Network_neutrality_poster_symbolIn perhaps the most futile government decision I’ve ever seen from the FCC, the agency last week ruled last week that AT&T was in violation of net neutrality rules with its zero-rated Sponsored Data plans. AT&T allows customers who buy DirecTV Now the ability to stream the service over cellphones without counting the data against wireless data caps. The agency didn’t take any action against AT&T as a result of the decision, and probably will not.

I call the gesture futile since it’s clear that the new Republican-led FCC is going to either gut or weaken the net neutrality rules. There are even those in Congress talking about disbanding the FCC and spreading its responsibilities elsewhere – something that would require a new Telecommunications Act. So it’s obvious that this decision doesn’t have any teeth.

I guess it’s not hard to understand that the current FCC staff wants to make one last stand for its signature policy. I don’t think there was anything in the history of the agency that got so much positive public feedback. It’s still hard to imagine that over a million people made formal comments in the FCC net neutrality docket.

And yet, as popular as the concept of net neutrality is – the concept of keeping an open internet – there probably is not a worst place to take a stand than zero-rating. This is a practice that the public is going to love. For the first time people will have the ability to watch video on cellphones without worrying about the stingy cellular data caps. I’m probably a bit old and my eyes have a problem enjoying video on a small cellphone screen.
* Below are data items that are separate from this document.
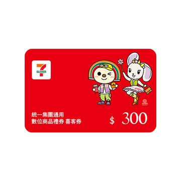 【統一集團通用】 300元 7-ELEVEN數位商品禮券 喜客券(輸入序號後.可分次使用)
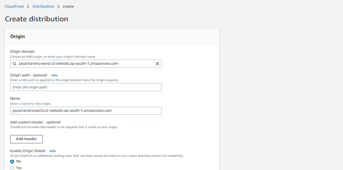 Note: In this case, my provisioned distribution is Jayachandra.world.s3-website.ap-south-1.amazonaws.com.
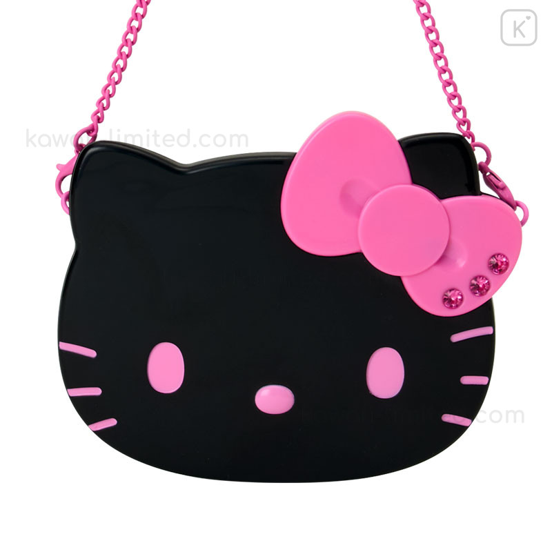 Japan Sanrio Original 2-sided Compact Mirror with Chain - Hello Kitty : I Love Hello Kitty Face Black Pink
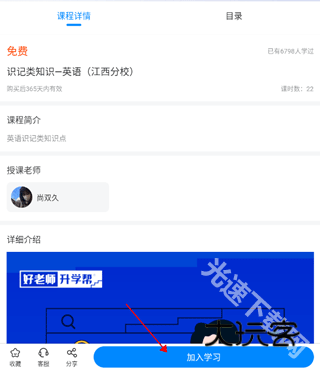 3、进入课程界面后,点击右下角的“加入学习”即可开始学习。
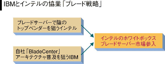 この代表としてはシンサーバー、ブレードサーバーがあるが、徐々にブレードサーバーの出荷が増えている。インテルはブレードサーバーで、ホワイトボックスとOEM市場の席巻を狙う。このためインテルは、ブレードサーバー「BladeCenter」を開発したIBMと技術提携を行い、インテルはブレード業界標準を狙ってブレードを構成するXeonベースボード、シャーシ、マネジメントソフト、ネットワークスイッチなど部品すべてをホワイトボックスビルダーやOEMerへ供給を開始した。ガートナーもブレード市場が大きくなるとの報告を発表している。ガートナーのアナリスト、ジョージ・ワイス氏は「ブレードがスケールアウトの主力サーバーになるには、IAのメインストリーム技術を豊富に取り込む必要がある。そこでインテルが、IBMアーキテクチャを基盤に自社技術を結集してブレード市場に間接参入すれば、IBM・インテル・アーキテクチャが間違いなく当市場の標準になる」と語る。
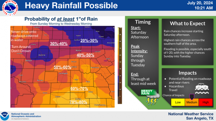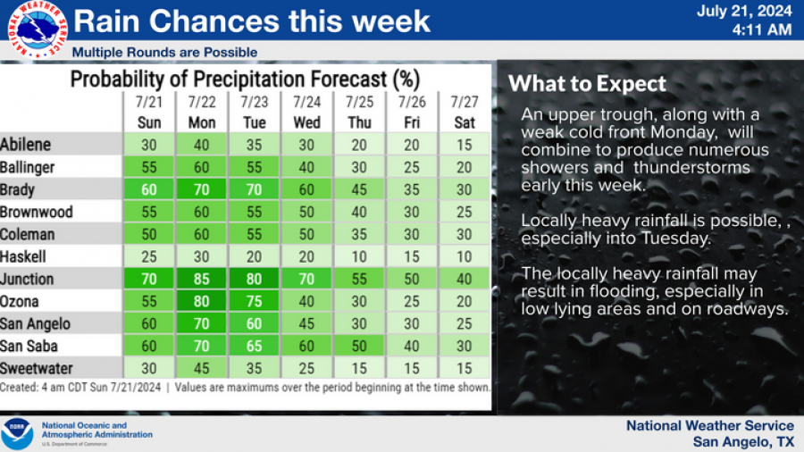 The National Weather Service also released a detailed forecast of precipitation probabilities for the week. Cities such as Brady, Junction, and Ozona have a 70% to 80% chance of rain from Monday to Tuesday, with lesser chances later in the week. San Angelo has a 70% chance of rain on Monday and 60% on Tuesday, decreasing to 45% on Wednesday and 30% on Thursday.
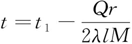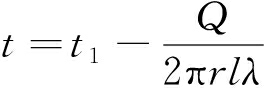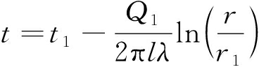 式中:Q1为热流量,W;l为陷落柱在含水层内的高度,m;r为到热源中心的距离,m;r1为热源边界至热源中心的距离,m;λ为导热系数,W/(m·K);t为待求温度,℃;t1为热源处的温度,℃。
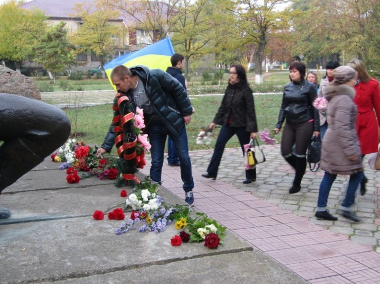 Учасники мітингу вшанували пам’ять загиблих хвилиною мовчання та  покладанням квітів до меморіалу.
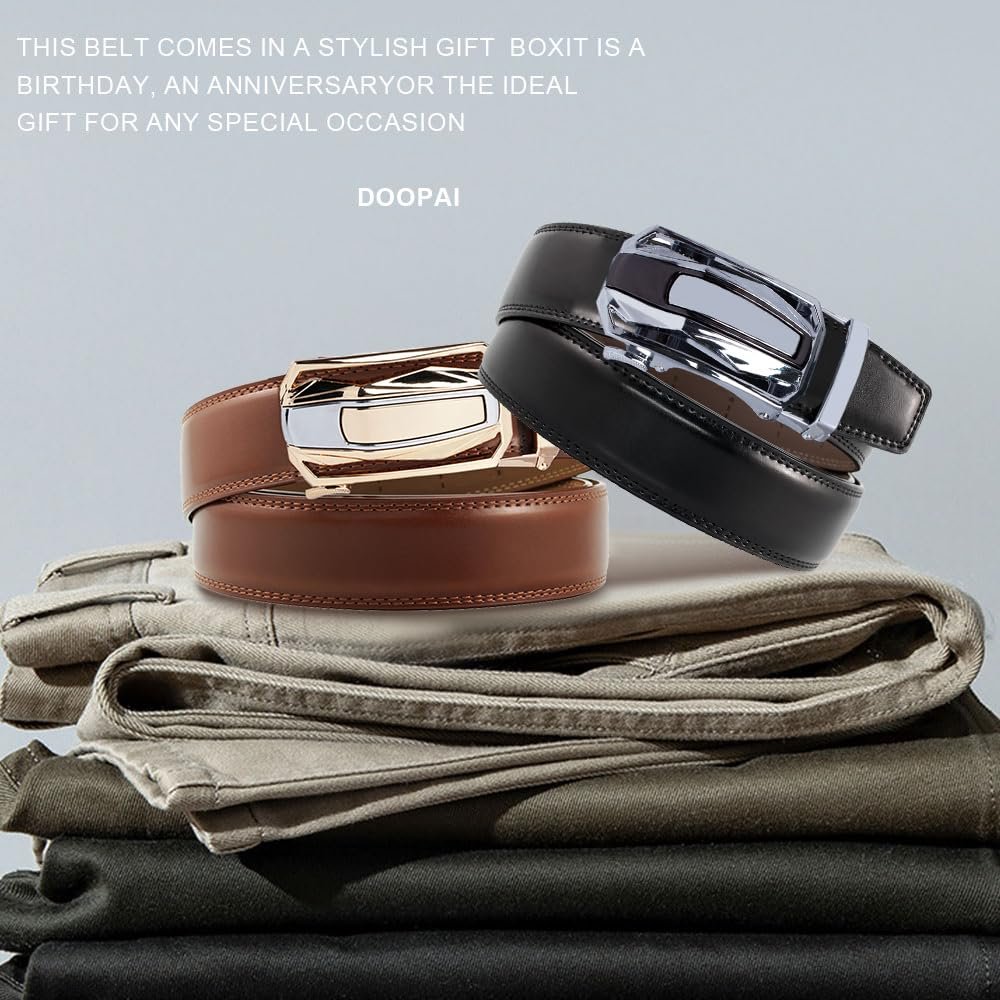 DOOPAI Belt Men, Ratchet Belt Dress Adjustable 1 3/8″ Genuine Leather Designer Belt, Size Length Can be Cut, with Gift Box

But after seeing my daughter watching video on her Apple smartwatch I am positive that this is going to be popular.

But zero-rating is eventually going to lead to exactly what net neutrality was designed to protect against. In this case AT&T is promoting its own programming with DirecTV Now, and perhaps there is nothing wrong with that. But it won’t be long until other content providers are going to be willing to pay AT&T to also carry their video on cellphones outside the data caps. And that will eventually create an environment where only the content of the biggest and richest companies will be sponsored.

The only video that will be available on cellphones will be from companies with the ability to pay AT&T to carry it. And that eventually means the end of innovation and of new start-ups. It means that Google and Facebook and Netflix will be available because they can afford to pay to sponsor their content, but that the next generations of companies that would naturally have supplanted them, as is inevitable in the tech world, will never get started. You can’t become popular if nobody watches you.

On the flip side, zero-rating is going to point out the hypocrisy of the current cellular data prices. A customer will be able to watch 100 gigabytes of DirecTV Now with no extra fees, but will quickly figure out that watching other video would have cost them $1,000 at the current price of $10 for each gigabyte of extra download. The supposed reason for the high data prices is to protect the cellular network – but it will quickly become clear that the high prices are only about profits. So perhaps this will begin the process of lowering the outrageous cost of cellular data – which is clearly the most expensive data in the world today.